▶ [TASK GOAL]: Nothing but the lines from the top of the records through the line with "Make your celebration" should be returned, exactly, and without pictures.

# # # #

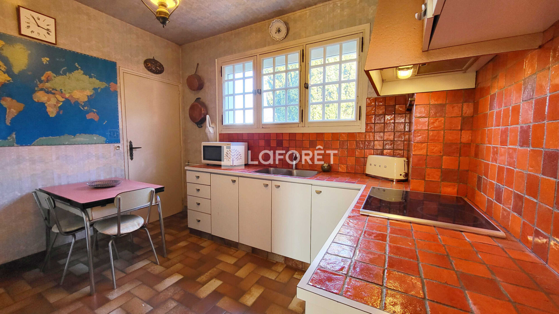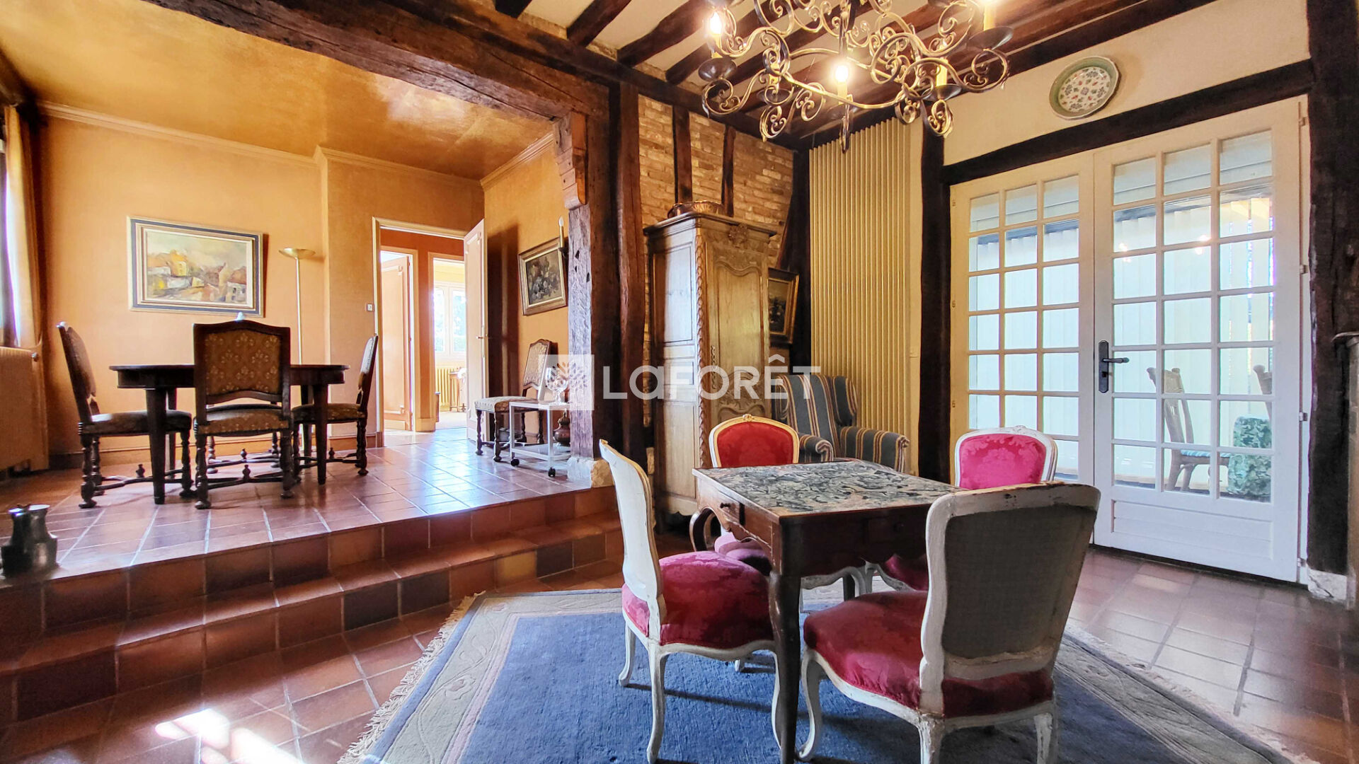 Entièrement de plain-pied, elle se compose d'une entrée, d'une cuisine aménagée, d'un spacieux séjour/salon agrémenté d'une cheminée, ouvert sur une belle véranda, trois chambres, une salle de bain et des WC séparés.
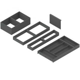 Combo sets are well-thought-out solutions for organising and structuring the contents of drawers and high-fronted pull-outs. They can be used as a customised and flexible dividing system for storing different items, making organised and optimal use of the available storage space. There are functional and aesthetic advantages for kitchen, bathroom and household furniture.
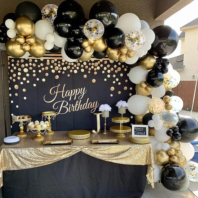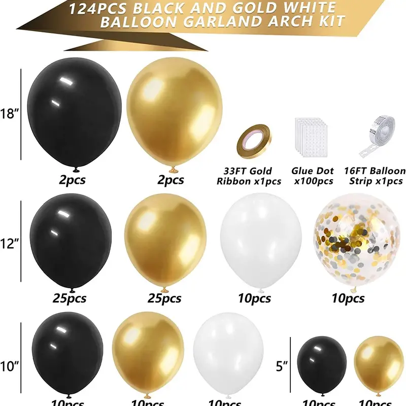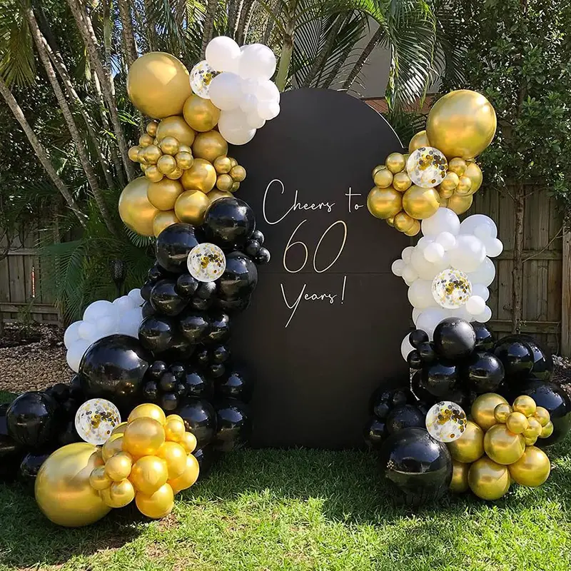 Make your celebration shine with the 124-Piece Black, Gold, and White Balloon Garland Arch Kit—the ultimate décor for a luxurious and unforgettable event!
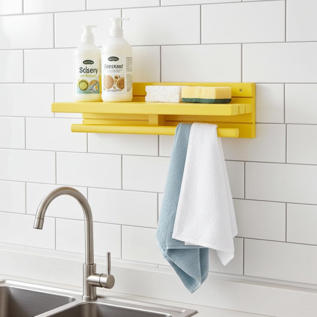Wall Mounted Wooden Shelf with Towel Rod designed to keep your sink area neat, organised, and clutter-free. This compact wall mounted wooden shelf offers a top platform to hold dishwasher liquid, sponges, scrubbers, and small jars, while the integrated bottom rod allows wet cloths and towels to hang for quick drying.
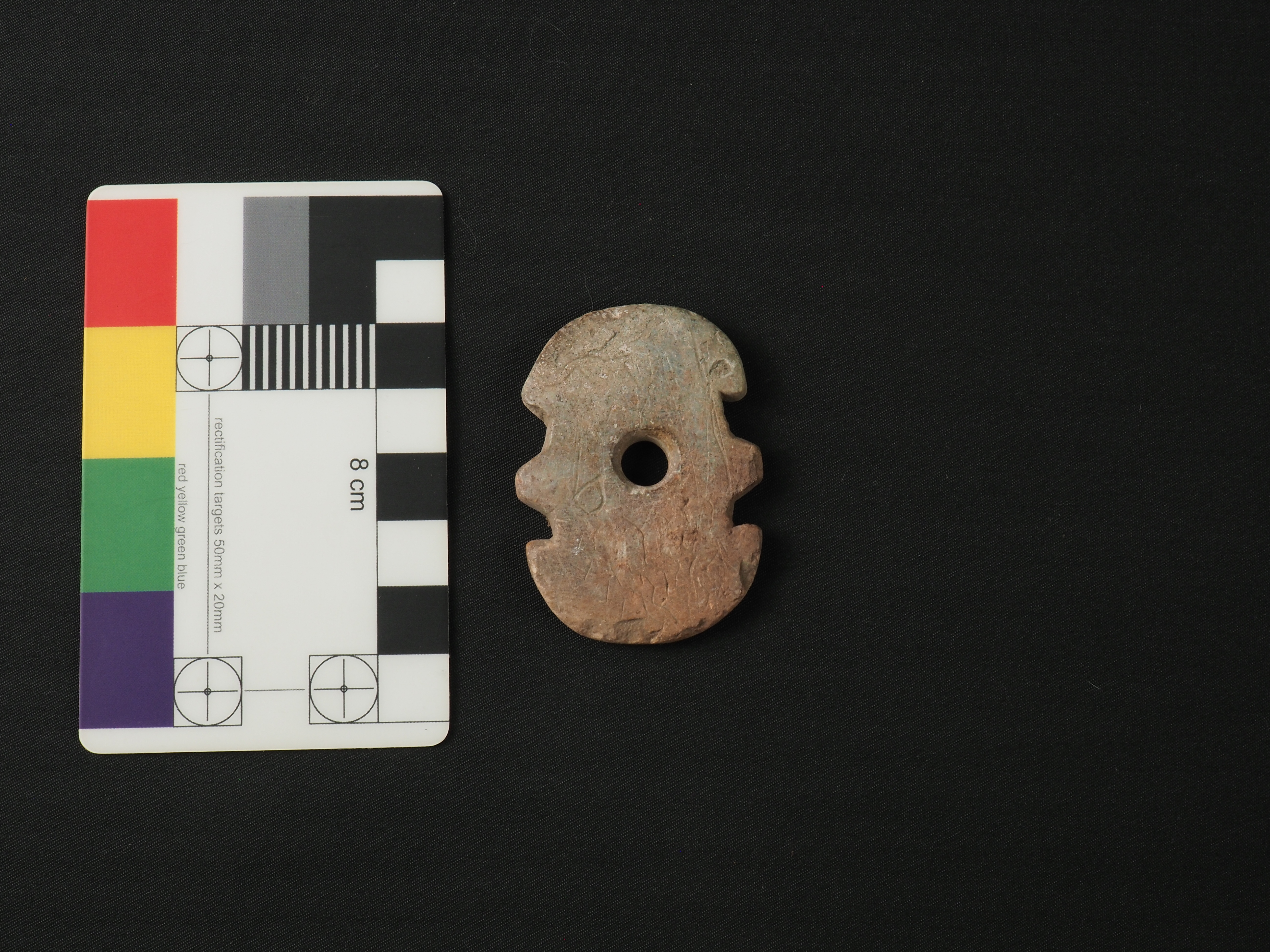 dc.description | dc.description | Artefacto de piedra pulida de color marrón que, probablemente, se utilizaba como implemento de trabajo textil para calibrar de forma homogénea las hebras manufacturadas. Técnica: Roca tallada, pulida y perforada. Morfología: Objeto de forma ovoide con perforación transversal hiperboloide central y bordes redondeados y secciones dentadas redondeadas como complemento a la perforación central. La sección transversal es plana en ambas caras. | |

# # # #

▶ [SOLVED EXERCISE]:
 Entièrement de plain-pied, elle se compose d'une entrée, d'une cuisine aménagée, d'un spacieux séjour/salon agrémenté d'une cheminée, ouvert sur une belle véranda, trois chambres, une salle de bain et des WC séparés.
 Combo sets are well-thought-out solutions for organising and structuring the contents of drawers and high-fronted pull-outs. They can be used as a customised and flexible dividing system for storing different items, making organised and optimal use of the available storage space. There are functional and aesthetic advantages for kitchen, bathroom and household furniture.
 Make your celebration shine with the 124-Piece Black, Gold, and White Balloon Garland Arch Kit—the ultimate décor for a luxurious and unforgettable event!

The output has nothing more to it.